The stock market upside drama continues as we wait for the daily chart to go neggie d to identify the top. The money flow sneaks out a tiny higher high but that should roll over today. The RSI, histogram and stochastics are negatively diverged wanting a pull back which may occur today. Ditto the overbot RSI and stoch's. The rising wedge is also bearish. That pesky MACD line continues higher, however, and wants the SPX to come back up for another price high after any pull back occurs.
On Friday, 1/19/18, the SPX prints the all-time intraday high at 2810.33 and all-time closing high at 2810.30.
The CPC and CPCE low put/call ratios continue to want a big selloff but the bulls keep using momentum to stretch out more highs. The moving average ribbon show how far price is extended which desperately needs a mean reversion lower. The SPX needs to back kiss the 20-day MA at 2731 and rising, at a minimum, going forward. The bullish strength is truly remarkable and epic.

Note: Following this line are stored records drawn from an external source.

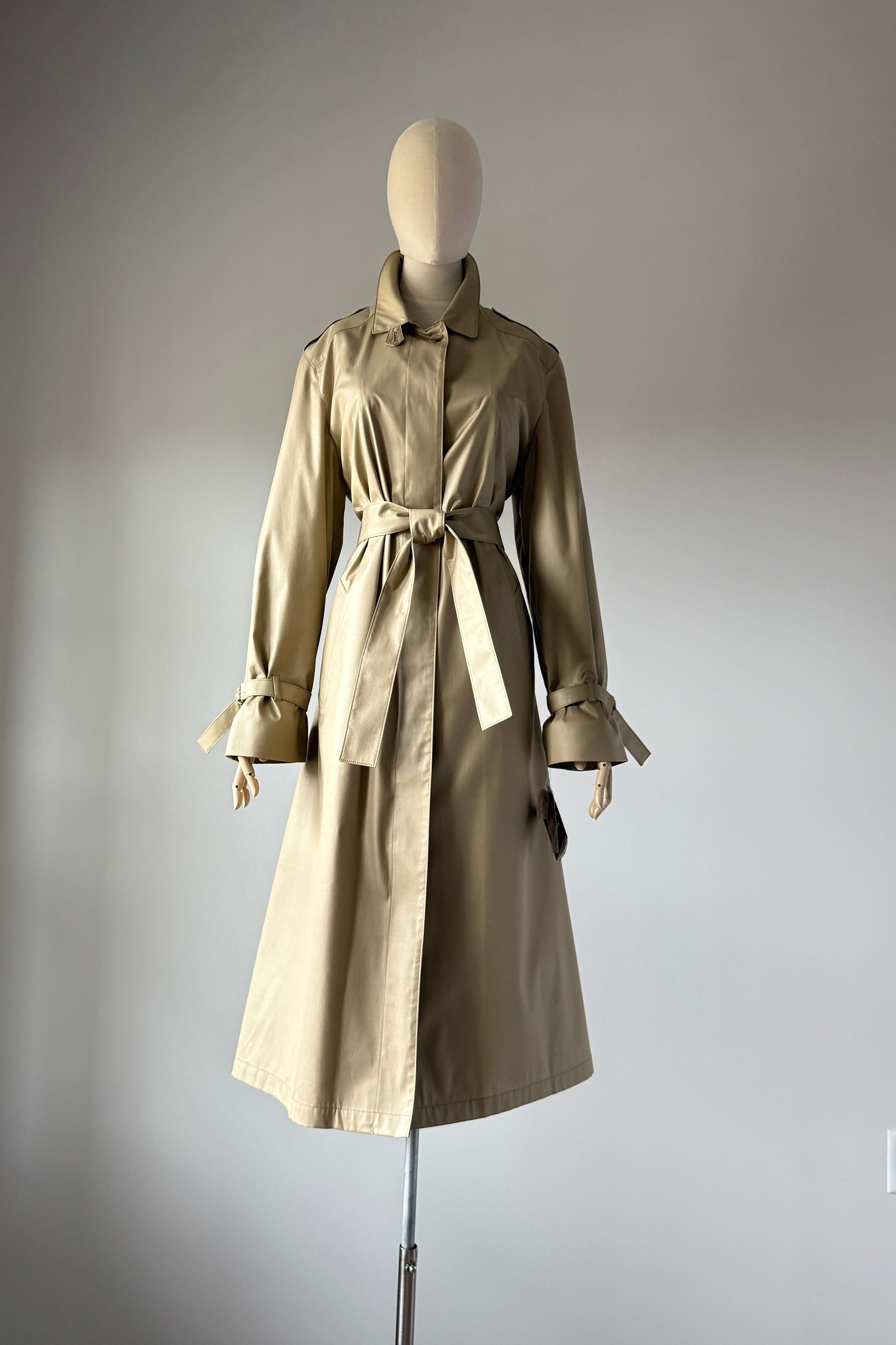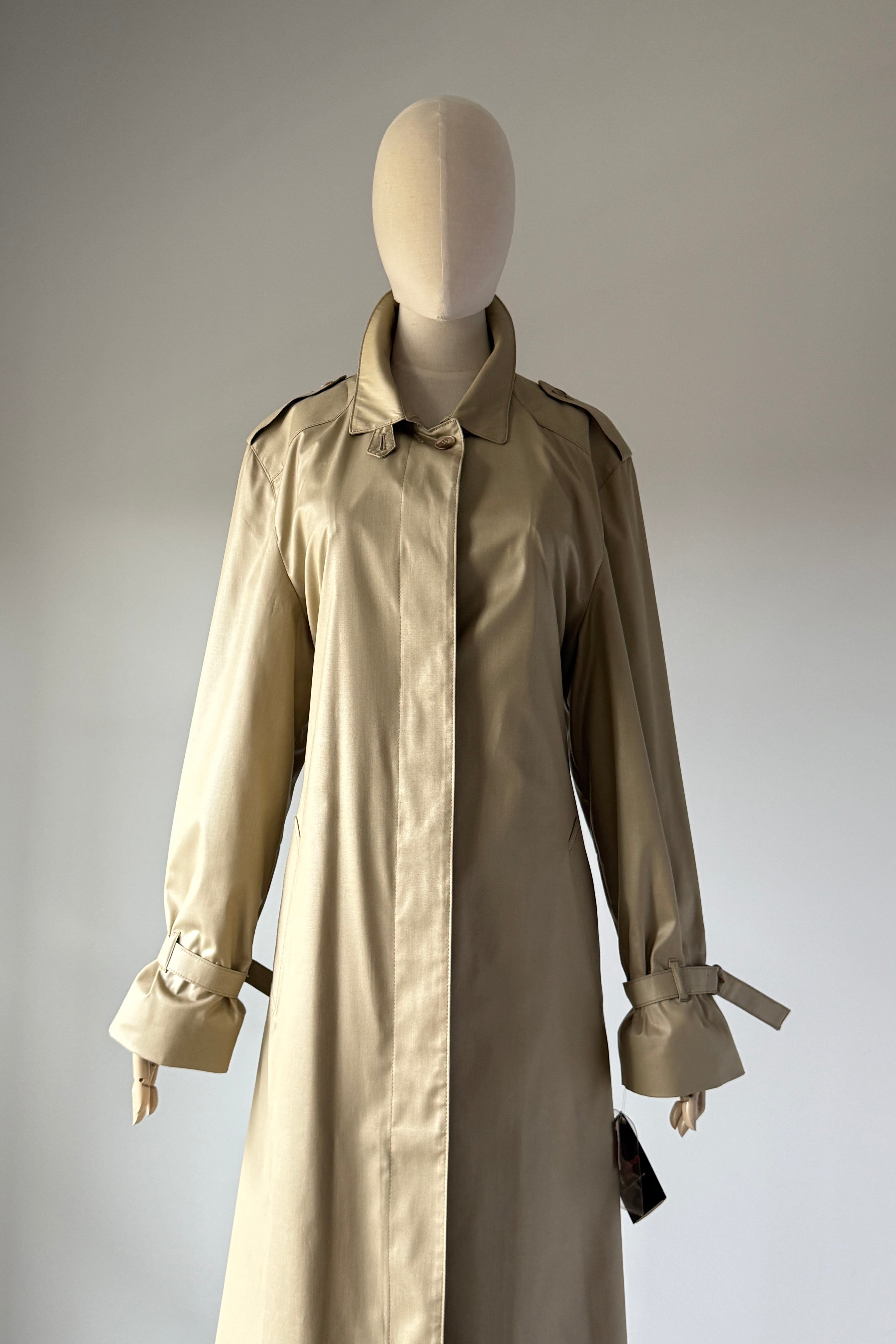 VINTAGE LONDON FOGQuintessential 1980s vintage London Fog trench coat. Dead stock with original tags - never worn. Rain + stain protected "Zepel". 65 poly, 35 combed cotton, nylon lining. Excellent condition. Fits like LARGELength 46Shoulder 17Sleeve 24Bust 46Waist 46As with all vintage, please expect wear consistent with age. All sales are final. No order cancellations.xxxx | 2544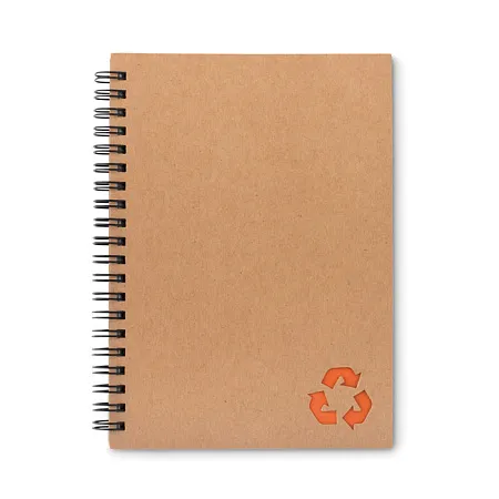 Блокнот на кольцах на 70 листов. Обложка из переработанного картона. Блок бумаги- это каменная бумага. Изготовлена из смеси натурального камня, карбоната кальция, известняка и полиэтилена высокой плотности.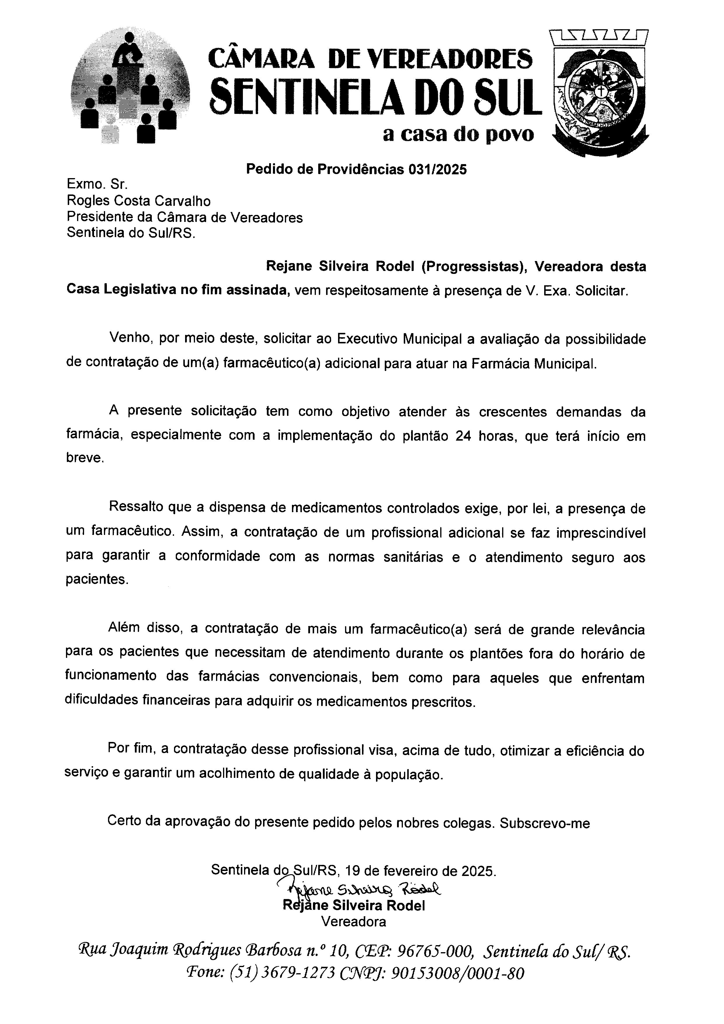 Pedido de Providências de autoria da Vereadora Rejane Silveira Rodel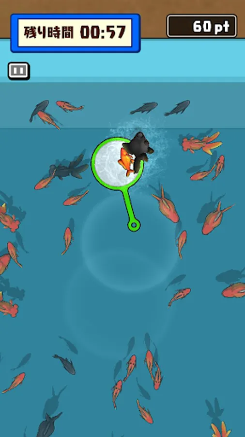 2. At the right time, let go of your finger and the goldfish will scoop up!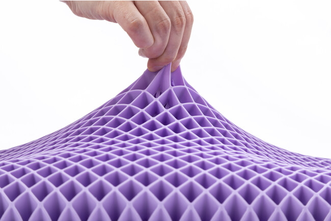 1.新感覚の高機能ジェル素材が、宙に浮いたような無重力の寝心地を実現。医療器具にも使用されるTPE(熱可塑性エラストマー)素材は、丈夫で柔らかく、しなやかな弾力性があるのが特徴で、首や頭の形状にも吸い付くようにフィットします。本体形状は体圧を効果的に分散する特殊立体3層構造。密度・大きさの違う格子が3層になっており、柔らかすぎることなく、首や頭部をしっかり支えて体の負担を軽減、快適な寝姿勢を実現します。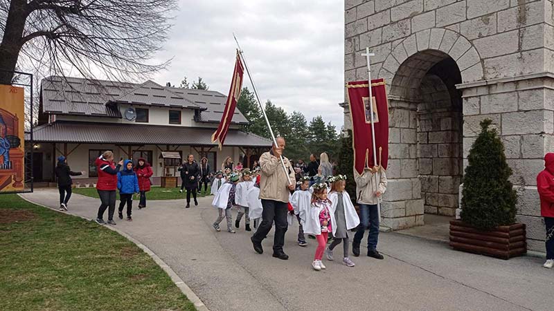 Око 50 малишана соколачког вртића, у сарадњи са свештеницима цркве Светог пророка Илије на Сокоцу, обиљежили су на традиционалан начин празник Лазарева субота литијом око храма.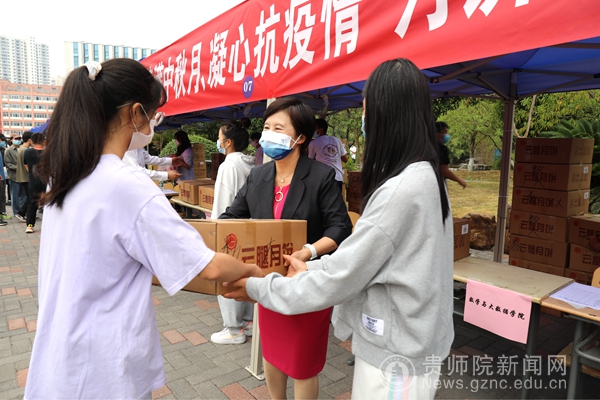 本网讯 一轮明月是对团圆的期盼,一份月饼是学校的浓情厚意。为了让师生们在抗击疫情期间度过一个欢乐祥和的中秋佳节,9月10日,学校开展了向全体在校师生免费发放中秋月饼的活动,给全校师生送去节日的问候和祝福。
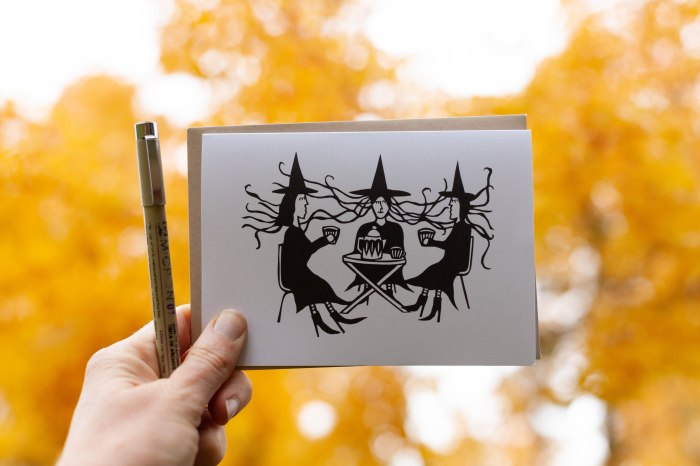 I just got a batch of greeting cards made with my “Witch Fika” papercut illustration. These are perfect for writing notes to everyone in your coven.

Market bears need the MACD line to print negative divergence before THE top in the daily time frame is in. The negativity in the chart may slap stocks lower the next day or two. The US government shutdown drama continues and news bites will move markets. Global markets may idle sideways this week until ECB's King Draghi brings the tablets down from on high on Thursday morning and tells global investors how to trade. This information is for educational and entertainment purposes only. Do not invest based on anything you read or view here. Consult your financial advisor before making any investment decision.